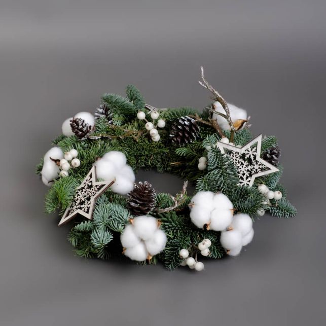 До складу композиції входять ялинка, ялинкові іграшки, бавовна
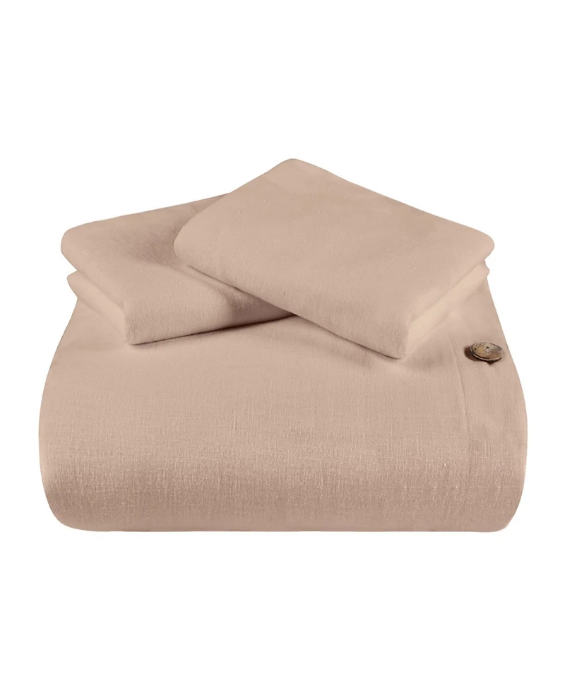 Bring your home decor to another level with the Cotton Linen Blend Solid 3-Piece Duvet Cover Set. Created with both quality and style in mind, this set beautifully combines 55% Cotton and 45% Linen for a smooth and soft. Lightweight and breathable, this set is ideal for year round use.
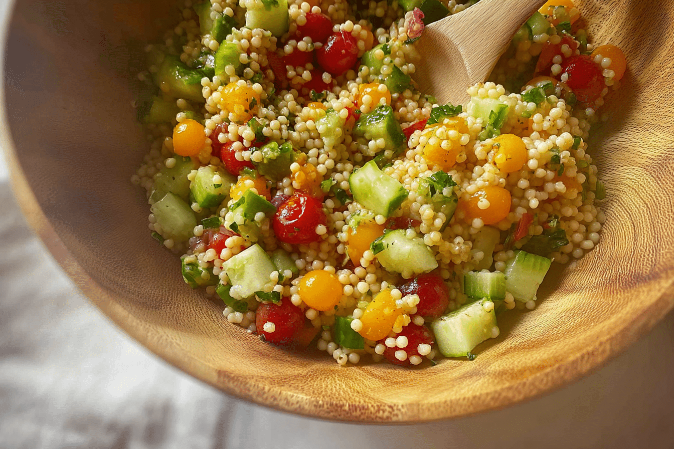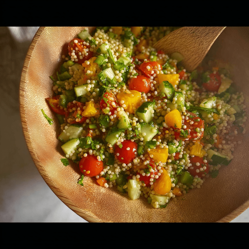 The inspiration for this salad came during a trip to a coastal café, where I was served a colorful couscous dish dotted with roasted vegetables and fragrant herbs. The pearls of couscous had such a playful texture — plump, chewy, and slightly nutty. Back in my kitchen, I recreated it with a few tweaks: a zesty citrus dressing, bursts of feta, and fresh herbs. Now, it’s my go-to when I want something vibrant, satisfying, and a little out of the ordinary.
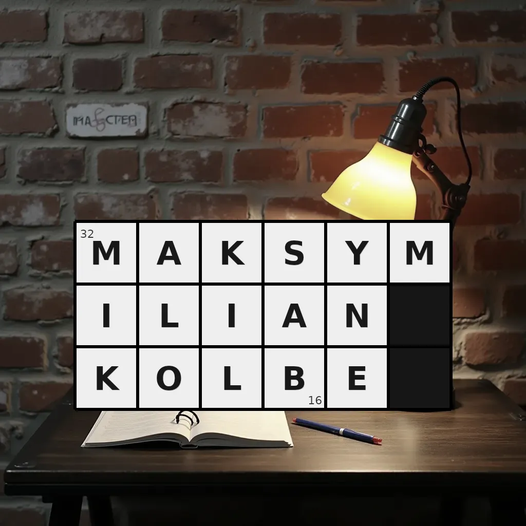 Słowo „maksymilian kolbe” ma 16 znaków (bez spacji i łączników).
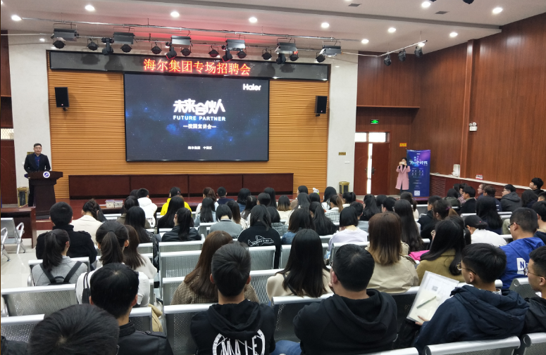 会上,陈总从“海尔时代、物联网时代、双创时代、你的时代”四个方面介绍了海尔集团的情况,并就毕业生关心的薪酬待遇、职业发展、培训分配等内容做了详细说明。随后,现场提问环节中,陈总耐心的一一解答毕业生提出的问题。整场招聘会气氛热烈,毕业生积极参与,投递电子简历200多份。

★ ★ ★ ★

WHAT TO WORK ON »
Leave the pictures out, and copy exactly each line from the one containing "spacji i łączników)." through the final line of the data.

SOLVED PROBLEM »
 Słowo „maksymilian kolbe” ma 16 znaków (bez spacji i łączników).
 会上,陈总从“海尔时代、物联网时代、双创时代、你的时代”四个方面介绍了海尔集团的情况,并就毕业生关心的薪酬待遇、职业发展、培训分配等内容做了详细说明。随后,现场提问环节中,陈总耐心的一一解答毕业生提出的问题。整场招聘会气氛热烈,毕业生积极参与,投递电子简历200多份。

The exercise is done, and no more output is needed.